Ford CEO warns US of workforce crisis: “We have 5,000 skilled technician jobs unfilled, even with a 0,000 salary.” | Business – The Times of India

Ford CEO warns US of workforce crisis: “We have 5,000 skilled technician jobs unfilled, even with a $120,000 salary.” | Business – The Times of India

4 minutes, 58 seconds Read

Ford Motor Company CEO Jim Farley has issued one of his starkest warnings yet about the future of America’s job market. He reveals that the company is struggling to fill 5,000 skilled technician positions, despite offering salaries of around $120,000. Farley called it a “serious problem” for the country and said the shortage of skilled workers is no longer a problem for the sector. It is a national crisis that threatens manufacturing, emergency services and the trade that keeps the American economy going.

Ford’s CEO highlights the widening gap between open positions and available talent

Farley shared the numbers during an appearance on the Office Hours: Business Edition podcast and said Ford isn’t alone in the fight. More than a million skilled and manual labor jobs remain vacant in the U.S., including jobs in emergency response, trucking, plumbing, electrical, manufacturing and factory operations.“We are in trouble in our country,” Farley warned, noting that many of these jobs are the backbone of American industry. Despite competitive pay, including six-figure packages at Ford, the talent pipeline is simply not keeping pace with demand.Recent federal data backs him up. As of August, more than 400,000 manufacturing jobs were open nationwide, while unemployment rose to 4.3 percent. This is a sign that the labor market gap is not caused by job shortages, but by a dramatic decline in the supply of skilled workers.
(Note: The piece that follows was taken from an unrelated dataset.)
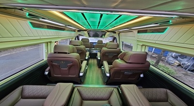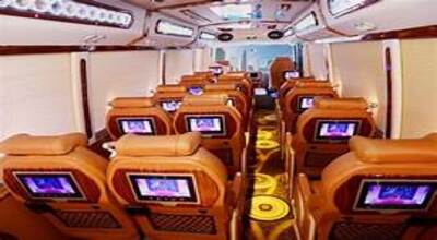 - Trang bị chỉ riêng dịch vụ thuê xe 9 chỗ Limousine cao cấp mới có: Quầy bar mini tạo điểm nhấn độc đáo và ghế massage rộng rãi thoải mái, kết hợp với đèn trần đa sắc, ánh sáng dịu nhẹ và tivi điều khiển bằng giọng nói.

The consequences of shrinking business education

One of the biggest problems, Farley argues, is the collapse of trade-based education and apprenticeships. He emphasized that becoming a top mechanic or technician, for example someone who can remove a diesel engine from a Ford Super Duty truck, requires years of training and hands-on experience.“We don’t have trade schools,” said Farley, who criticized decades of underinvestment in vocational education. “We are not educating the next generation of people like my grandfather, who built a middle-class life.”His reference is personal. Farley’s own grandfather was employee No. 389 at Ford and worked on the Model T, a reminder of how factory and trade work once propelled millions of people to a stable livelihood.

What companies like Ford are doing to retain employees

Farley noted that Ford has already taken major steps to make its jobs more attractive. The company eliminated the lowest level in its pay structure and agreed to a 25 percent pay increase over four years as part of its contract with United Auto Workers in 2023.But even with better wages and benefits, skilled trades positions remain among the hardest to fill in America, a sign, Farley says, that the issue is structural, not just financial.

A generational change and one silver lining

Interestingly, Farley suggested that younger Americans could be the key to solving the crisis. After years of declining interest in trade jobs, Generation Z is now pushing back against the traditional university-only path. Last year, trade school enrollment rose 16 percent, the highest since tracking began in 2018.The increase reflects growing frustration with student debt and a renewed realization that skilled jobs can offer stability, mobility and strong salaries, often without a four-year degree.But while this trend is encouraging, Farley cautioned that it may not be enough to quickly close the employment gap. Skilled professions require long training paths, and decades of underinvestment mean it will take years to rebuild the pipeline.Farley’s warning is blunt. Without rapid reinvestment in education, apprenticeships and career paths, the US risks choking its own economic engine. From repairing vehicles and maintaining infrastructure to keeping factories running, trade remains essential and the shortage is becoming too big to ignore.